Due to a law passed weeks ago stating that if a new Brexit deal was not done by Saturday the 19th at midnight, Johnson would have to ask the EU for another extension. So, on 10 October 2019 Boris Johnson brought his new revised Brexit deal before the UK Parliament for a vote. Although it was thought to be highly unlikely, Johnson was able to negotiate a new Brexit deal with the EU, with minimal changes to the failed deal of Theresa May. However, thanks to Johnson’s acceptance of a customs check at the point of entry into Northern Ireland, effectively dropping the controversial Irish backstop from the deal, the new Brexit deal was made possible. Essentially the deal remains the same in terms of citizenship rights, however the backstop has been removed and instead Northern Ireland will remain a part of the UK’s customs territory as well as an entry point into the EU’s customs zone, with the UK stating that it will not apply tariffs to products entering Northern Ireland as long as they are not destined for onward transportation across the border. This new development to the deal allowed for the EU to agree to a revision, but caused Northern Ireland to feel slighted by the UK.
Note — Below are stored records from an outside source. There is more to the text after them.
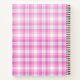 Spiral notebook with an adorable Christmas dog wearing a cute pink plaid bow tie. This tiny little pet is sitting inside a whimsical hat box. A white tree decorated with pink lights in the background. The lights are blurred giving it a magical bokeh effect. Darling Christmas themed photograph. Perfect for dog lovers.
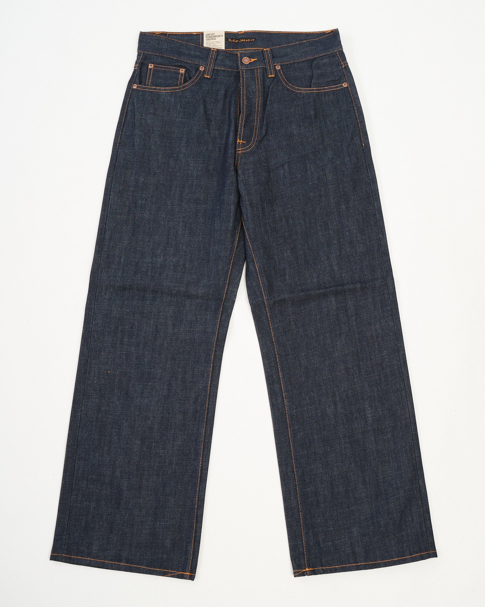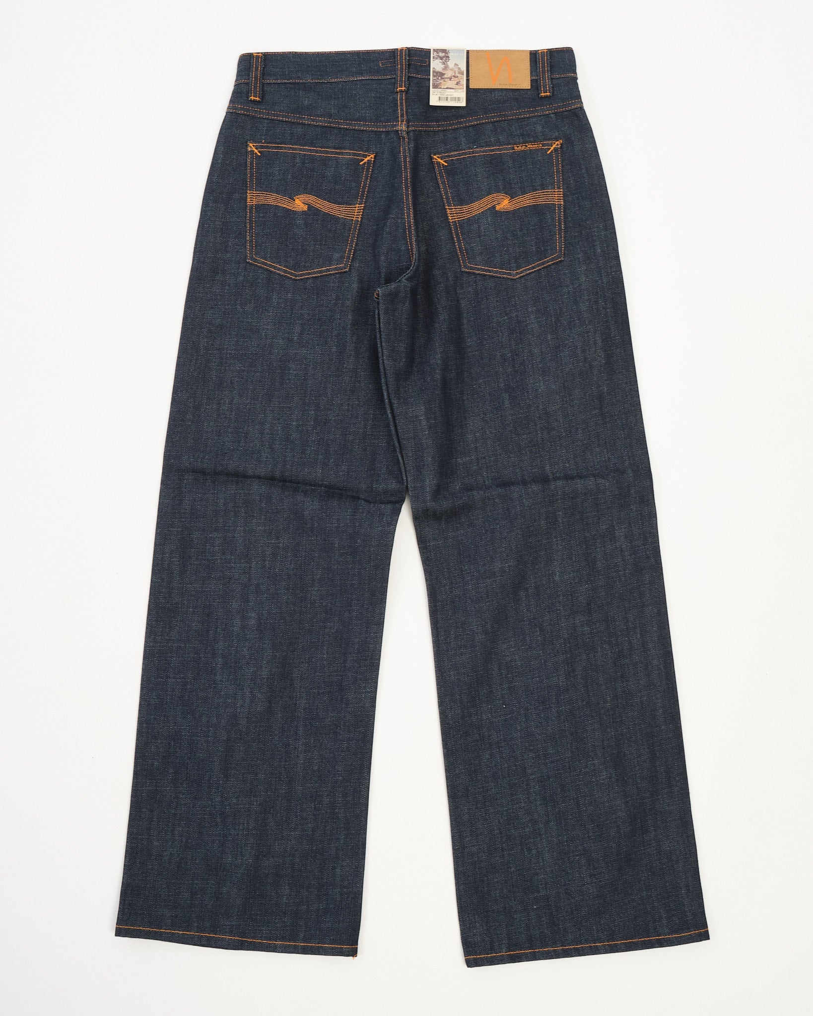 Loud Larry is Nudie Jeans’ relaxed take on classic denim, cut with a high waist, loose fit, and wide straight legs. This version comes in Dry Streaky, a 13.7 oz rigid denim made from organic cotton, defined by its pronounced vertical slubbiness with irregular yarn thickness throughout the fabric.
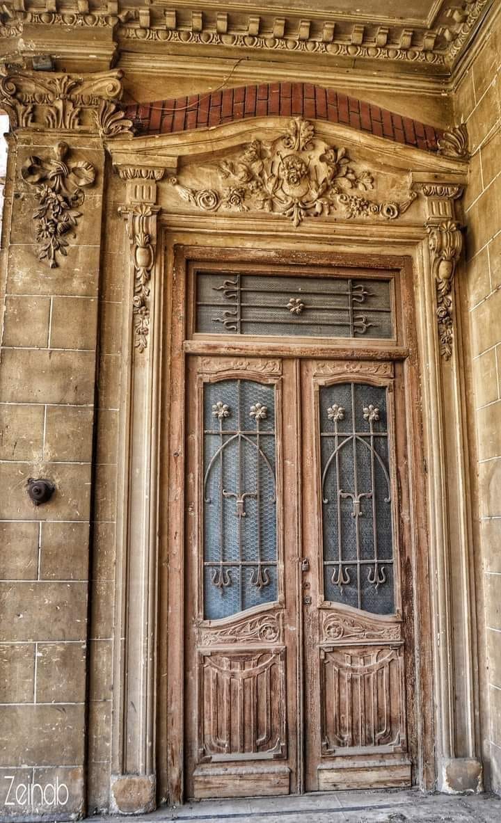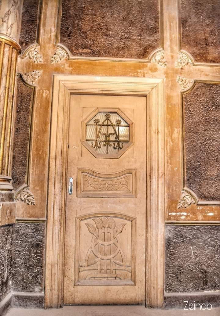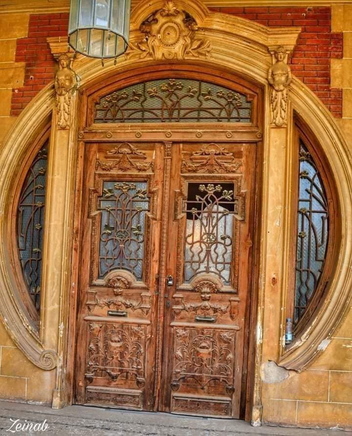 بوابة الدخول الرئيسية: بوابة دائرية بفتحة مستطيلة يعلوها عقد موتور يتوجه كورنيش مزين بزخرفة المحارة (الصدفة) وفروع نباتية مورقة. الكورنيش محمول على نحت قالبي لسيدتين عاريتين تمسكان حلقة مستديرة. الباب الخشبي مصراعان بزجاج معشق ومصبعات حديدية مزخرفة بأشكال نباتية ووجه آدمي.
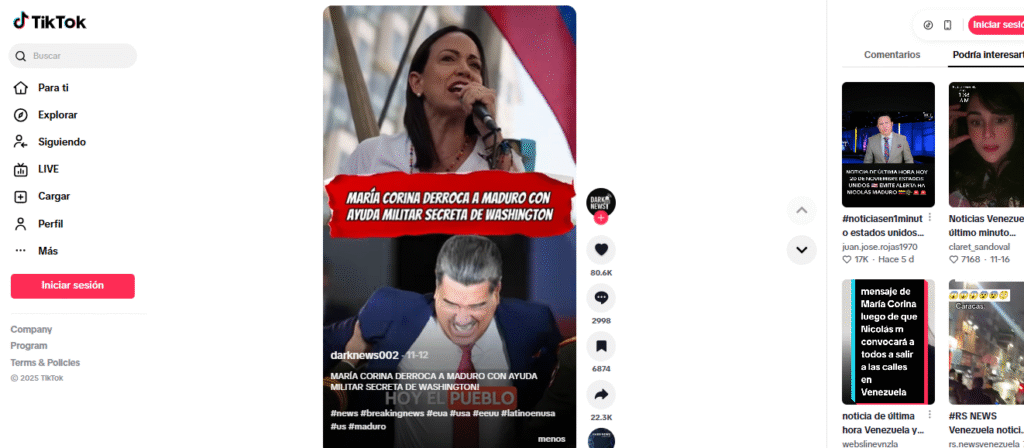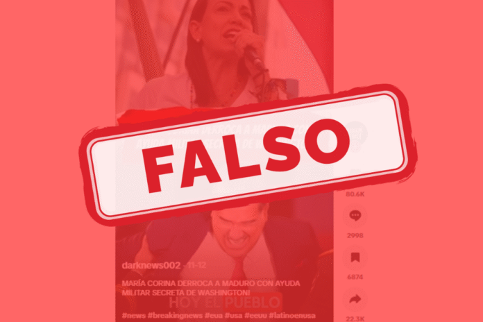 En TikTok se difunde un video que sostiene que María Corina Machado “derrocó” a Nicolás Maduro mediante una operación secreta apoyada por fuerzas militares estadounidenses.
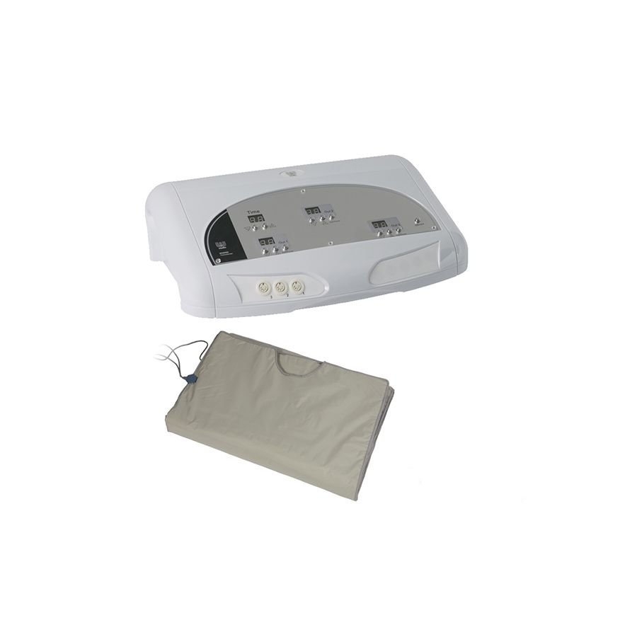 Se trata de un Equipo de Termoterapia con saco sauna, que actúa proporcionando un calor terapéutico con resultados directos sobre el organismo, entre los que destacan la vasodilatación, la oxigenación celular y la relajación muscular. El aparato cuenta con 3 canales que permiten regular la temperatura independientemente y trabaja a una Temperatura de 40-80ºC.
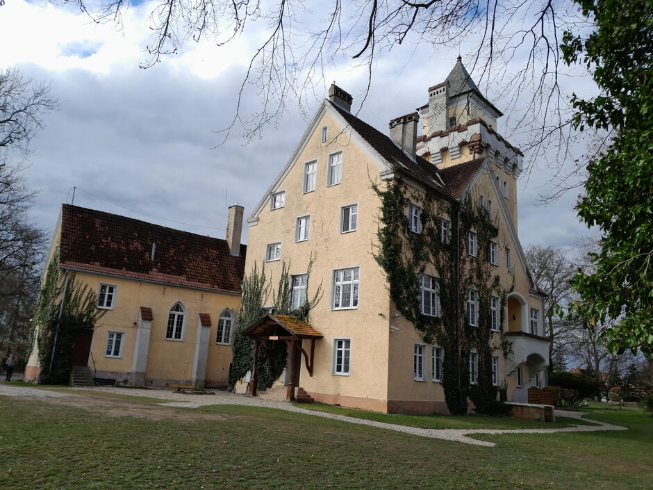 Na zdjęciu widnieje okazały, jasnokremowy budynek w stylu pałacowym z wieżyczką i stromym dachem, częściowo porośnięty bluszczem. Otoczony zielenią i starymi drzewami, prezentuje się malowniczo na tle pochmurnego, ale jasnego nieba.
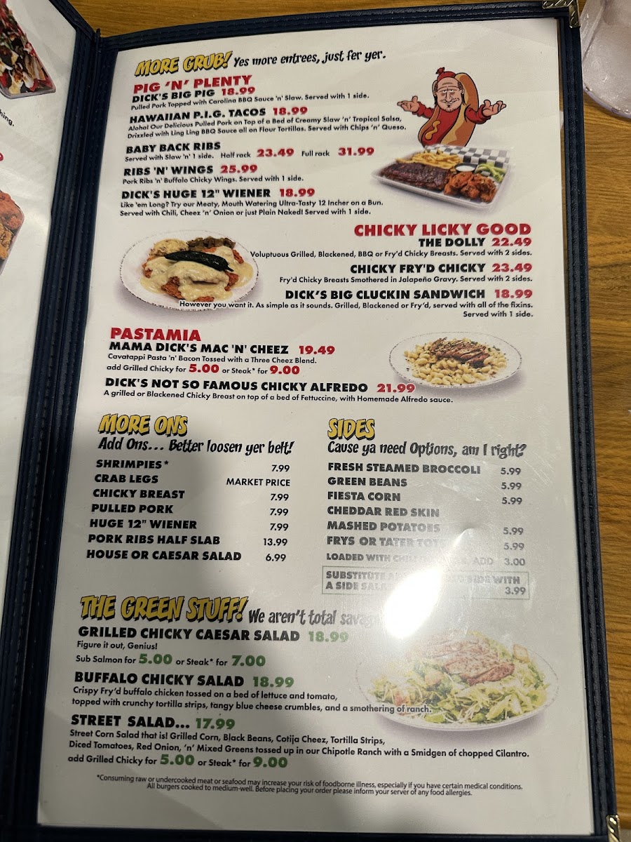 Located in a lively outdoor mall, parking can be a bit tricky, but the journey is worth every step. Customers rave about the involvement of the staff, who don’t just serve food; they bring the party to your table! From playful banter with the servers to spontaneous horse racing for the kids, Dick's creates a playful environment perfect for families and friends alike. It's the perfect chance to unleash your sense of humor and enjoy some light-hearted entertainment.
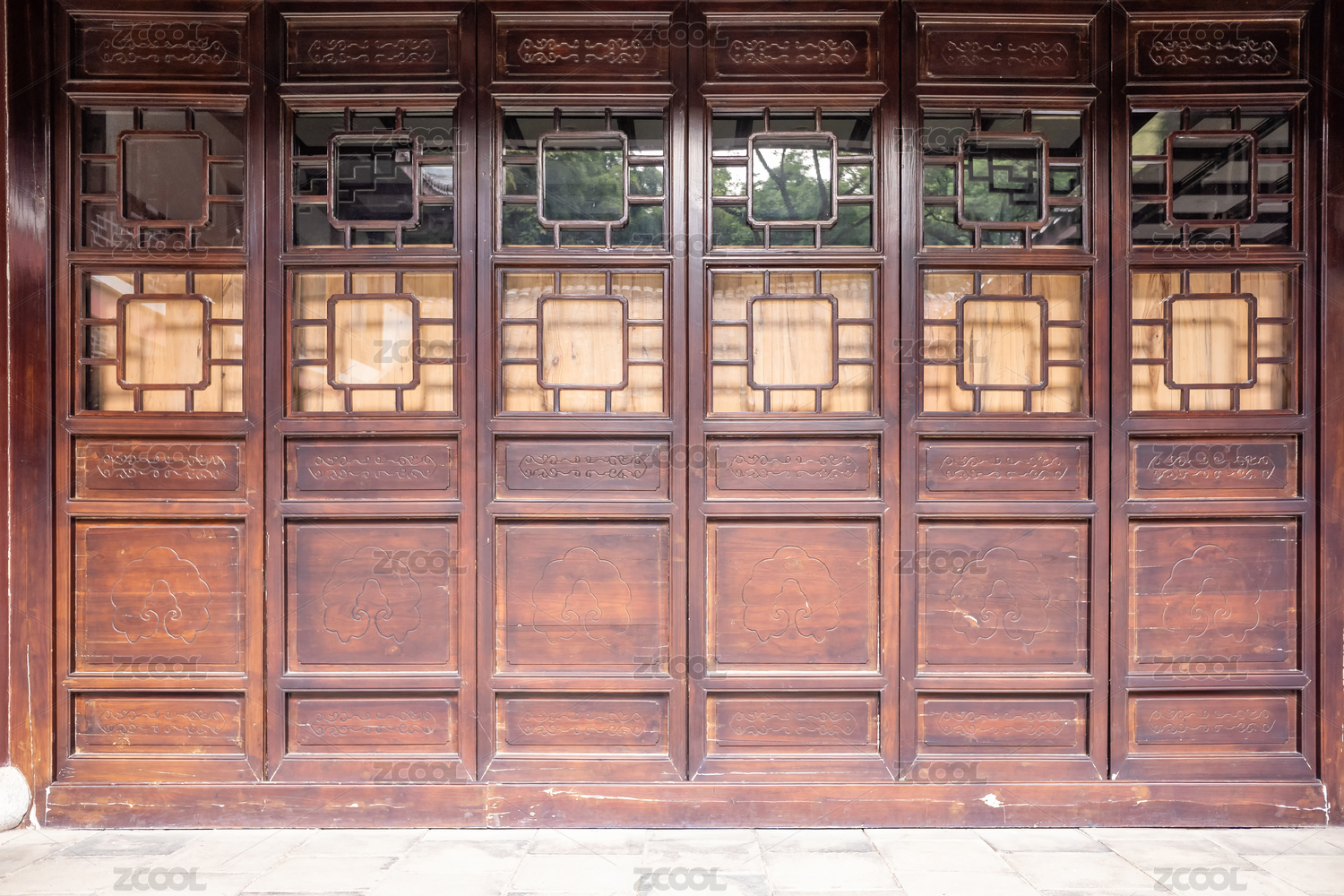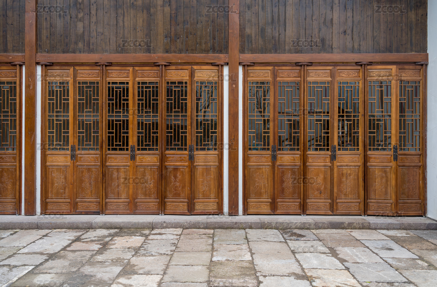 中国浙江省新昌县梅渚古镇古建筑木门特写
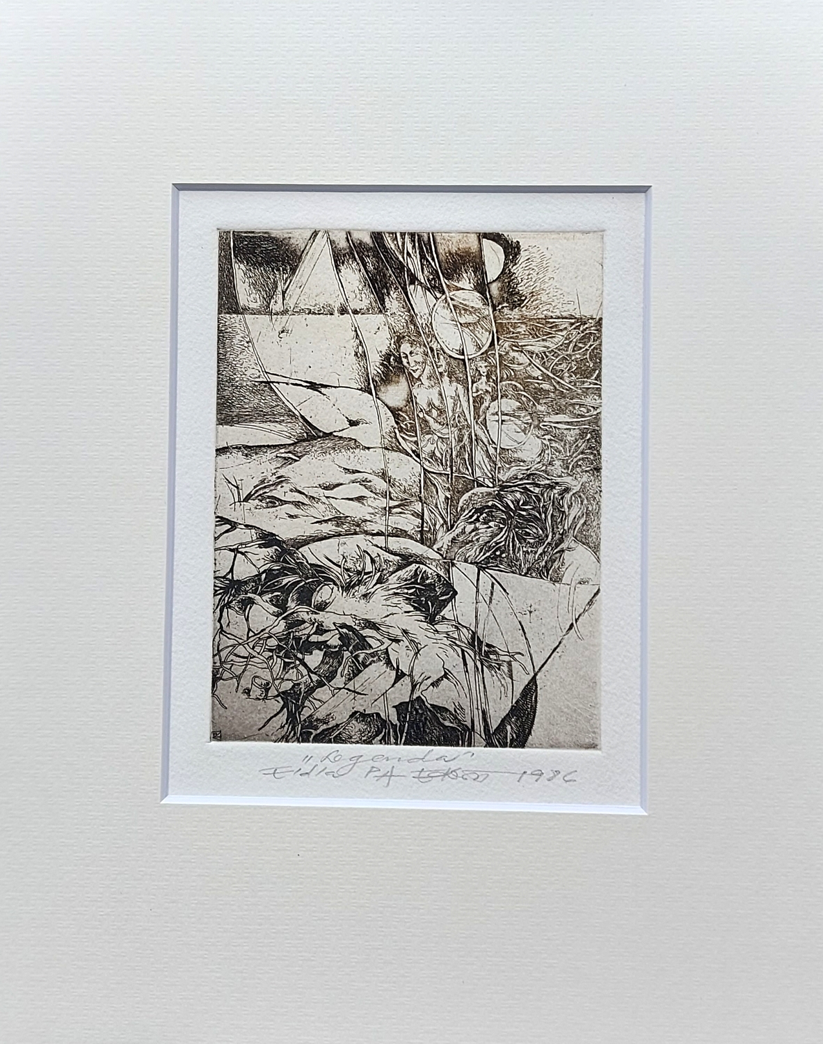 Legend, 1986, etching, 12x9 cm, e.d.a., passport size 25x20 cm
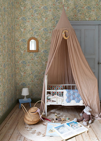 This lovely wallpaper with a Scandinavian sensibility will make you feel as though you're entering a storybook. Against a sandy-white background, the wooded village's charming homes, robust oaks, flower gardens, and animal companions are all painted in shades of green, blue, red, and yellow.
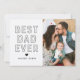Celebre o dia especial do seu pai dando-lhe um cartão com fotos de Dia de os pais. A placa de Dia de os pais moderna apresenta um fundo branco, a frase "Melhor Pai Nunca" em uma fonte na moda, espaços reservados para seu texto e foto personalizados e um padrão geométrico branco e preto na parte traseira da placa.
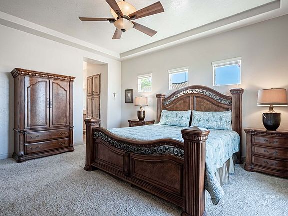 Amazing Location! Home is situated on the outside-corner of an elevated Bluff with Backyard looking to the North-East. Incredible privacy and spectacular Views of Valley and Mountains! This is a 5-Star Energy Efficient Home. Original Owners have always used home seasonally, so it has had very little usage. Open Floor Plan with coffered ceilings. Big Entry that is 14ft. to roof and 8ft tall doors and 10ft.ceilings through-out the Home. Kitchen has beautiful staggered Cabinets with Under Lighting, Granite Counter-tops, Pendant Lights, and Stainless Appliances including Refrigerator. Big walk-in Pantry in the Kitchen! Big Master bedroom has access to the Patio. Master Bathroom has Cultured Marble Surround Shower and jetted Garden Tub. There is a Walk-in Closet in Master Bedroom. The other side of the Home features two nicely sized Bedrooms and the Main Bathroom. Large Utility Room with Washer and Dryer Included! Upgraded Lighting Fixtures and/or Ceiling Fans are in each room throughout the home. 3-Car Garage with 680sq.ft! Water Softener installed. Air Conditioner was replaced in 2018. This is an awesome Desert Retreat!
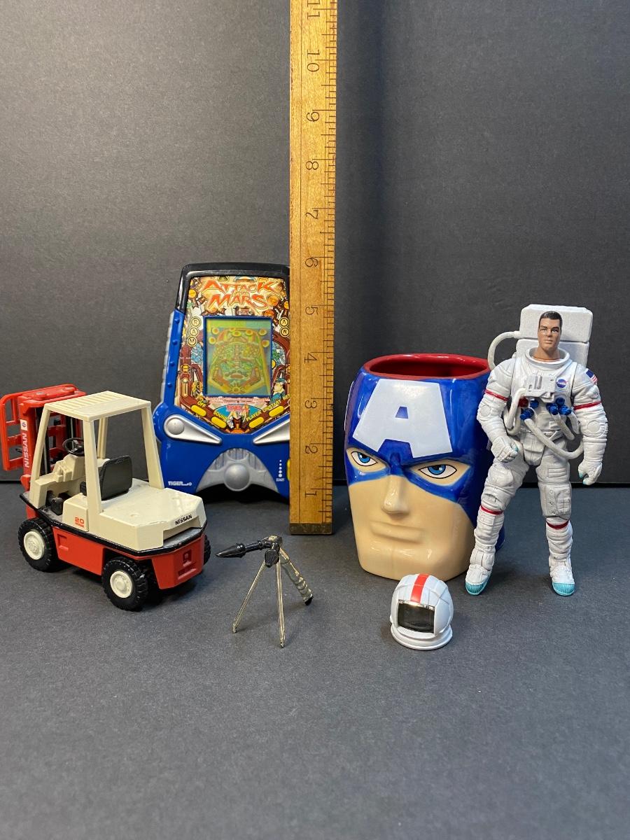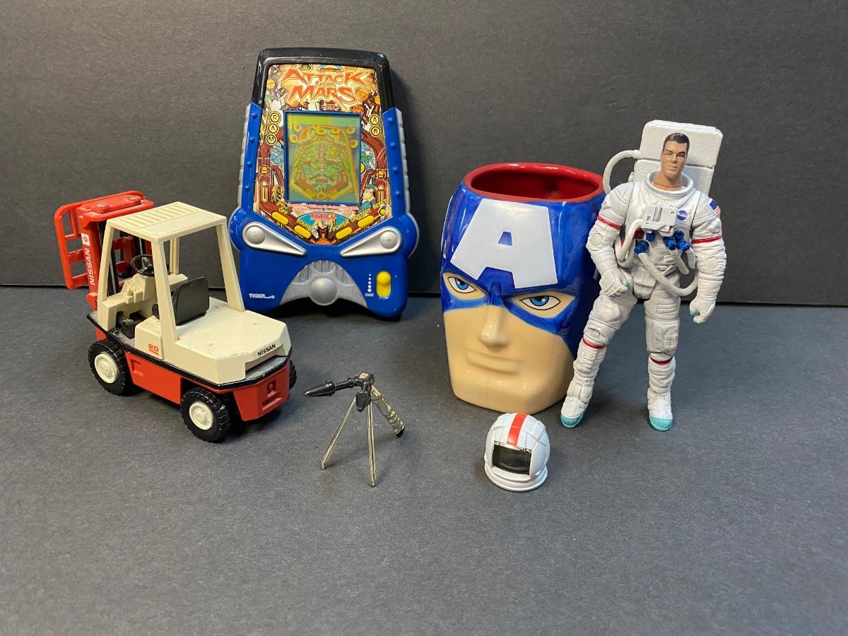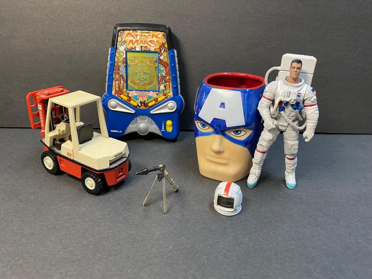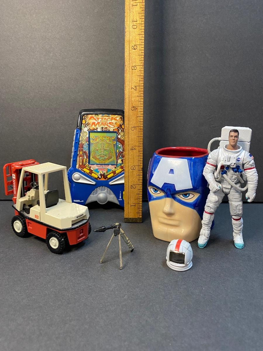 NASA and Nissan toys, Mara attacks Video game and Captain America mug. Please see all pictures as they are the best representation of the items. The pictures show condition, measurements if taken, and what is included in the lot. Due to the large amount that we photograph and the time frame, we are not always able to take measurements. All items unless noted, are pre-owned and have been used. If you purchased furniture, you must bring help. We do not allow one person to carry large furniture out on their own. Bring help, tools and a truck for the safety of our client’s homes, and your personal safety. Any damages that result to the property including walls, and floors due to moving of the furniture will be charged to the buyer. Company policy. Thank you.
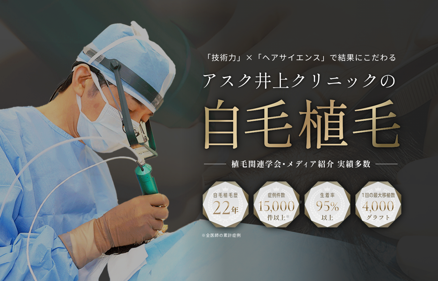 - アスク井上クリニックでは、患者様一人ひとりの状態に合わせた自毛植毛を提供しています。当院独自の「i-SAFE」技術を用いた施術では、後頭部から健康な毛根を採取し、薄毛が気になる部位に移植します。この方法を用いることで、メスを使用しなくても、自然な仕上がりと高い生着率を実現します

Johnson pushed for the vote on Saturday 19 October, but instead of voting on the deal itself, MPs passed an amendment forcing Johnson to request yet another Brexit deal from the EU. Johnson sent the letter, without his signature, and then promptly followed with his own signed letter stating that his thoughts that another extension would be a mistake.

UK Parliament is set to have a clear “yes or no” vote Monday 21 October in the afternoon, as Johnson hopes this will force his deal through the MPs. If the deal is passed, but the subsequent implementation legislation does not pass, the UK would leave without a deal on the 31 October.

If the deal is not passed, the UK must wait for the EU’s either approval or denial of another extension to Brexit. Additionally, if the deal is not passed, the default legal position is still for the UK to leave on 31 October without a deal.